Li Hongyi Machine Learning Note -35 (Ensemble part 1; Integration Method Part 1)

Source: Internet
Author: User

[Introduction to machine learning] Li Hongyi machine learning note -35 (Ensemble; Integration method)

PDF VIDEO
Ensemble

Commonly known as Rumble, want to get very good performance, basic must use this hand.
You already developed some algorithms and codes. Lazy to modify them. Ensemble:improving your machine with little modification.

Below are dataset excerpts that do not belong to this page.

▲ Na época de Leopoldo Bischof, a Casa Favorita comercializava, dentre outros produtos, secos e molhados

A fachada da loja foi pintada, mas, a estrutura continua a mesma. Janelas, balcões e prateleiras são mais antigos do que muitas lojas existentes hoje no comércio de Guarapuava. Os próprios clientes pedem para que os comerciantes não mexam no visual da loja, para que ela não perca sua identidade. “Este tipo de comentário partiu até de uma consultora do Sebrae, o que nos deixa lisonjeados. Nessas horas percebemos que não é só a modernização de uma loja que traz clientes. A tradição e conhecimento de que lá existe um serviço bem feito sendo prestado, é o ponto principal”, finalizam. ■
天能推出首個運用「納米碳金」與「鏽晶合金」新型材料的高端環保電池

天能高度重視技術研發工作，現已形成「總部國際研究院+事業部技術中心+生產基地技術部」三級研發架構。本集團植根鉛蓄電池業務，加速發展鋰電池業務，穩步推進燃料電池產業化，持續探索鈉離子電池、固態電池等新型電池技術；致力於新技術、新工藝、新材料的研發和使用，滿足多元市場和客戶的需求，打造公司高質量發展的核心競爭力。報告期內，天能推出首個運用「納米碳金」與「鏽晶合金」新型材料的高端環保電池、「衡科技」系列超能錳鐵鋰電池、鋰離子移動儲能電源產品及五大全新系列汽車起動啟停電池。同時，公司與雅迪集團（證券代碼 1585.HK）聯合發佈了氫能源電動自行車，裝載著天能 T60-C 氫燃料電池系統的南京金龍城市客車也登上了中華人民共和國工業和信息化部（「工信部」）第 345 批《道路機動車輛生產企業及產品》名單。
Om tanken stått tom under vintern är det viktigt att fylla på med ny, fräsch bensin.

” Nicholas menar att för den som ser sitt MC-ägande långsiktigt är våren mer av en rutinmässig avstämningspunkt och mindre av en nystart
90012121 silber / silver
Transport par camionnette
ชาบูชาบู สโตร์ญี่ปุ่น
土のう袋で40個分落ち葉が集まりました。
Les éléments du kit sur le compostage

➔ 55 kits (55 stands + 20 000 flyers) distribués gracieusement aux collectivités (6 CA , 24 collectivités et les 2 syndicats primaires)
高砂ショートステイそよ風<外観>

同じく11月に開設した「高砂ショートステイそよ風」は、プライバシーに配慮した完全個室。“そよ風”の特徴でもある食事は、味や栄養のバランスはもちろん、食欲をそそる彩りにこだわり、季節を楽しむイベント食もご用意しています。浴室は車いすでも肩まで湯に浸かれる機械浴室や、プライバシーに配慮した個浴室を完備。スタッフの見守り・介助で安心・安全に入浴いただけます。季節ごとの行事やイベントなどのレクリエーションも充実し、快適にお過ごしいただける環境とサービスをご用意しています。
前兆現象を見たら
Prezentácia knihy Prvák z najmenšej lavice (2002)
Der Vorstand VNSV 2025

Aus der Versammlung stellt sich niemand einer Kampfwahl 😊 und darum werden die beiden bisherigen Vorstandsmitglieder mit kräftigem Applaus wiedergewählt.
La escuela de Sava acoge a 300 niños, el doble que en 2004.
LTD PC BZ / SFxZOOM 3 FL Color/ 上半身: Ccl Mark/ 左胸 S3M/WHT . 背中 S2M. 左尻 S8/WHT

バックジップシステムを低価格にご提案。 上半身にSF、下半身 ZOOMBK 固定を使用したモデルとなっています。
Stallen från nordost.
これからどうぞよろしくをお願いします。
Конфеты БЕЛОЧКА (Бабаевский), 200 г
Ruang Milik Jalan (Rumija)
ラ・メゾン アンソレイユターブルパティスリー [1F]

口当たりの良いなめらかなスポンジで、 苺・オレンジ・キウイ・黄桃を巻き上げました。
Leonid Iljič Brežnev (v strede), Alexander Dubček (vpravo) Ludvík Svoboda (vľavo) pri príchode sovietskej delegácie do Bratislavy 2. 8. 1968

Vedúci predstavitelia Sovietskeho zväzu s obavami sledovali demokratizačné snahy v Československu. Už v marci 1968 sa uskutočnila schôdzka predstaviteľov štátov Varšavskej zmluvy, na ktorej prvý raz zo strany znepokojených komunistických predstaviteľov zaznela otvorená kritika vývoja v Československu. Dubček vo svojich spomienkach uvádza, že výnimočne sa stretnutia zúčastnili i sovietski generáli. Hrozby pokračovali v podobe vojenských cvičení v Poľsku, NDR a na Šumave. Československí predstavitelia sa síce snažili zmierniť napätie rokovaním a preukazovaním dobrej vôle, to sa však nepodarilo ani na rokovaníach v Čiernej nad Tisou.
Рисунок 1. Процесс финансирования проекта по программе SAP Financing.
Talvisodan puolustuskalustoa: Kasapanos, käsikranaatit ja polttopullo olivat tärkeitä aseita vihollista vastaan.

Feamework of Ensemble

Pull out a bunch of classifiers, preferably different, complementary, properly put them together, each classifier play a different role.

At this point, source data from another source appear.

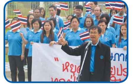
สำนักงานประปาเขต 9
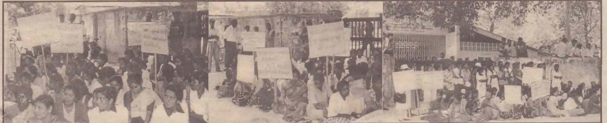
குடும்ப நல உதவியாளர்கள் சார்பில் நேற்று உண்ணாவிரதம் இருந்த போது எடுக்கப்பட்ட படங்கள்.
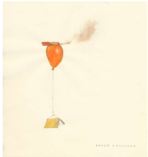
Llibre d'acció Carles Hac Mor, 2018 aquarel·la, 21 x 23 cm

L'exposició estarà oberta fins al 30 d'octubre del 2021. Per a més informació, contactar amb la galeria: info@elquadernrobot.com – 93 368 36 72 el quadern robot, còrsega, 267, principal 2 b, 08008 barcelona, elquadernrobot.com
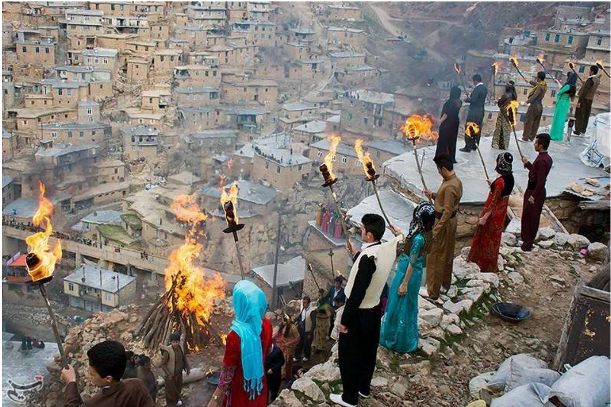
Célébration de la fête de Newroz à Akré

Dans de très nombreux villages et tribus de Kurdistan (Hawler, Sulemanie, Duhok, Akré ... etc.) des rituels publics spéciaux associés aux feux sont observés au cours des célébrations. Les habitants allument des feux et sautent par-dessus, mais également ils dansent autour du feu en chantant des chants traditionnels kurdes. Plusieurs organisations organisent des spectacles de musique et de danse, des expressions et de la littérature orale pour transmettre aux jeunes les savoirs ancestraux.
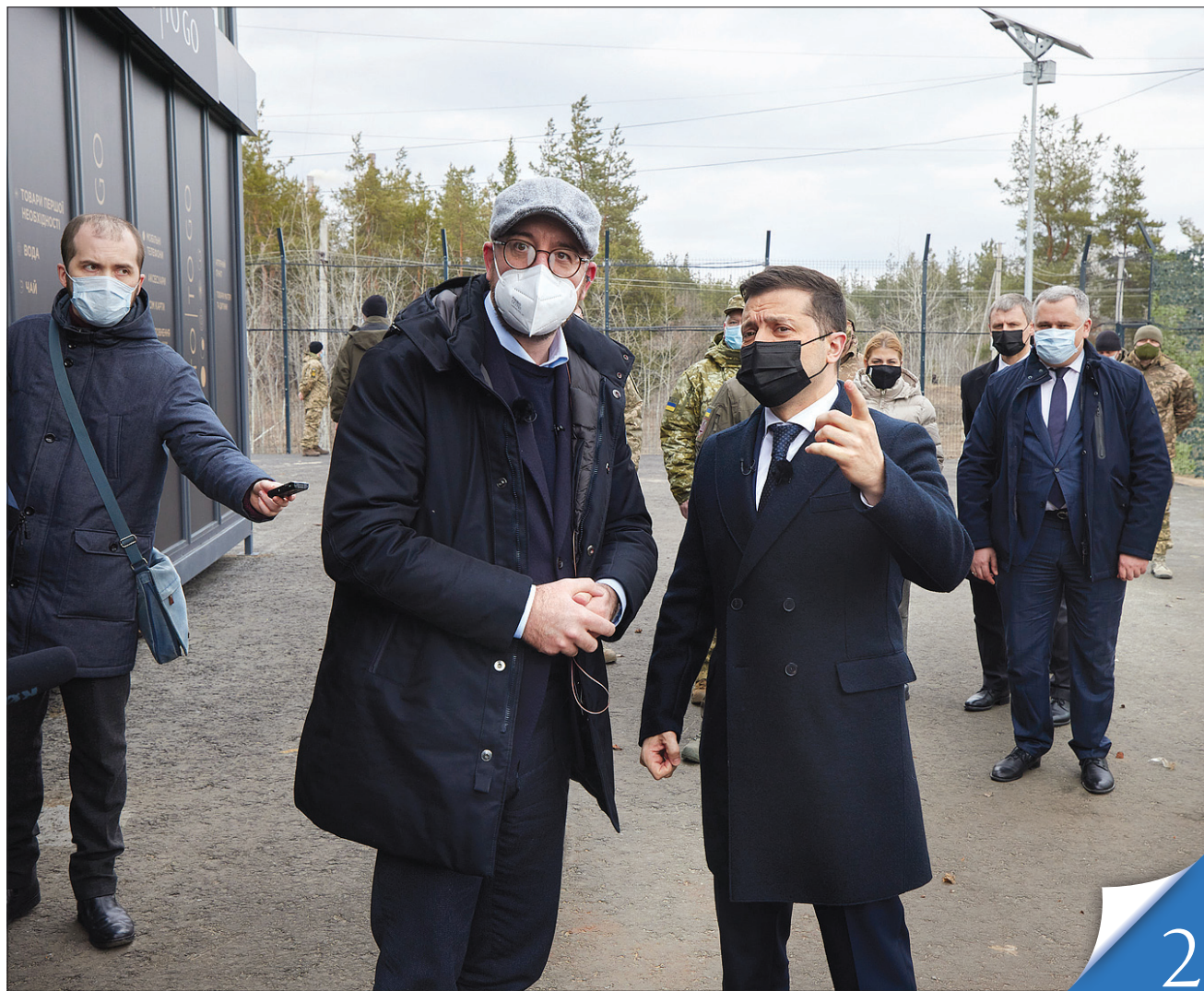
Президент Європейської Ради Шарль Мішель і Володимир Зеленський побували на КПВВ «Щастя» в Луганській області

ЦИВІЛІЗАЦІЙНИЙ ВИБІР. ЄС підтримує Україну не лише у врегулюванні конфлікту на Донбасі, а й у проведенні судової реформи та вдосконаленні судової системи
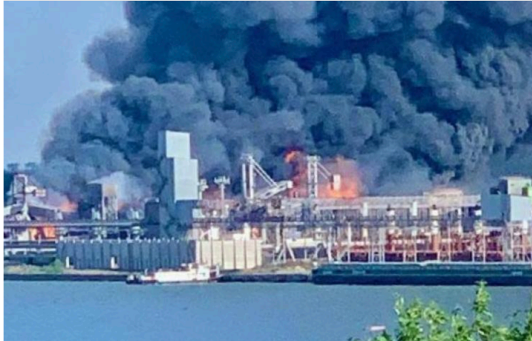
Terminal céréalier de Mykolaïv (7 juin 2022)
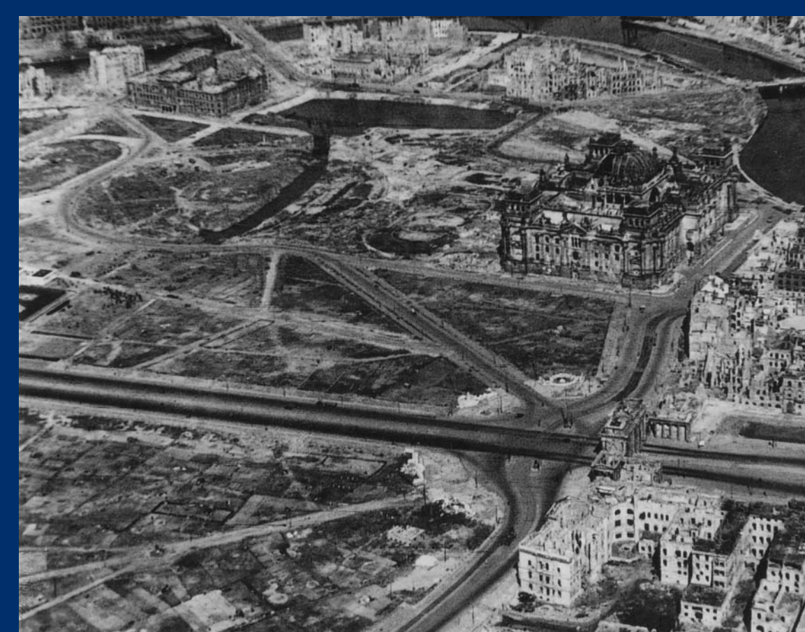
Berlin 1946: Der zerstörte Reichstag und seine Umgebung
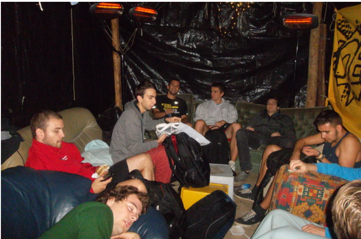
Sfeer troef in het loopstandje op de 24 urenloop!
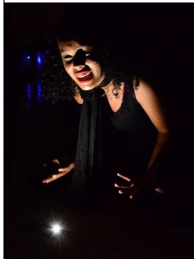
O Começo do Fim 2º Informática (2023)
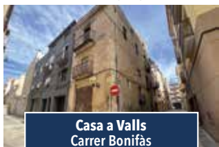
Casa a Valls Carrer Bonifàs

XALET AMB PISCINA. Tot a planta baixa, 3 hab., cuina-menjador-llar de foc. Bany c., piscina, z. enjardinada, barbacoa, vestidor i magatzem. Oliveres, ametllers i fruiters. 245.000€

Ensemble has many different ways of dealing with different situations. ensemble:bagging

Let's go back to bias and variance.

A complex model would have large variance.
We can average complex models to reduce variance.
If We average all the f*,is it is close to f^.
So, if you want to make a big model error variance, you can train multiple variance large model, and then average them, this method is called bagging.

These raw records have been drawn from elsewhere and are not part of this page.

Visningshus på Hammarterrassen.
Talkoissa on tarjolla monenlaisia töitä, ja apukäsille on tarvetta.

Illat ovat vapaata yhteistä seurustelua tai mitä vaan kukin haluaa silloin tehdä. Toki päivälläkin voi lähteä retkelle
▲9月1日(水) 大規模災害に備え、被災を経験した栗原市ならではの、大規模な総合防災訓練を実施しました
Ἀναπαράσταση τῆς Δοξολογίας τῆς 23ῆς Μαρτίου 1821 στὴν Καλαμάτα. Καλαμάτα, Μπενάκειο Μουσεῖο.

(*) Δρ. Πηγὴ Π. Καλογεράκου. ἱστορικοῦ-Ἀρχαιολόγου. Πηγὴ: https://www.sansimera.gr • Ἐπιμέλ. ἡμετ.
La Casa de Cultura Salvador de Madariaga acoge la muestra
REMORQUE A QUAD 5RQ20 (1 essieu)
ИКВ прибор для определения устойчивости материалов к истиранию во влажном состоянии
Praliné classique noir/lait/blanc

Sampling N ' Examples with replacement,then ...

This approach would was helpful when your model was complex, easy to overfit. e.g. decision tree. decision Tree

The decision tree is easy to fit and the model is simple.

The decision tree can not only judge the simple problem of the graph, but also solve many complex problems.
Like what...... The following figure of this beautiful girl, the first sound of the body to represent category 1, the other is called category 0, the value on this two-dimensional plane, is input, to determine whether the first tone of the body.

Experimental manifestations of different tree depths

It is easy to understand that the decision tree continues to be deep enough to be perfect training data, because it can give each of the data a class, it is obvious that it is easy to fit.

Decision tree do bagging is Random Forest. Random Forest

Add some random features to make the tree less like the tree.
Each time the node, you have to decide which feature can be used, which is not to use, to avoid each tree is long like.
There is a bagging method called Out-of-bag. out-of-bag (OOB)


The goal of bagging is not to perform better on training data, but to reduce the bias, resulting in smoother function (more delicate skin of the initial tone).

ensemble:boosting

Boosting target and Bagging is the opposite, Bagging is to reduce the fit, and boosting is even if not fit training data model, but also to find ways to make performance better, boosting by putting a lot of weak classifiers combined to help get a strong classifiers.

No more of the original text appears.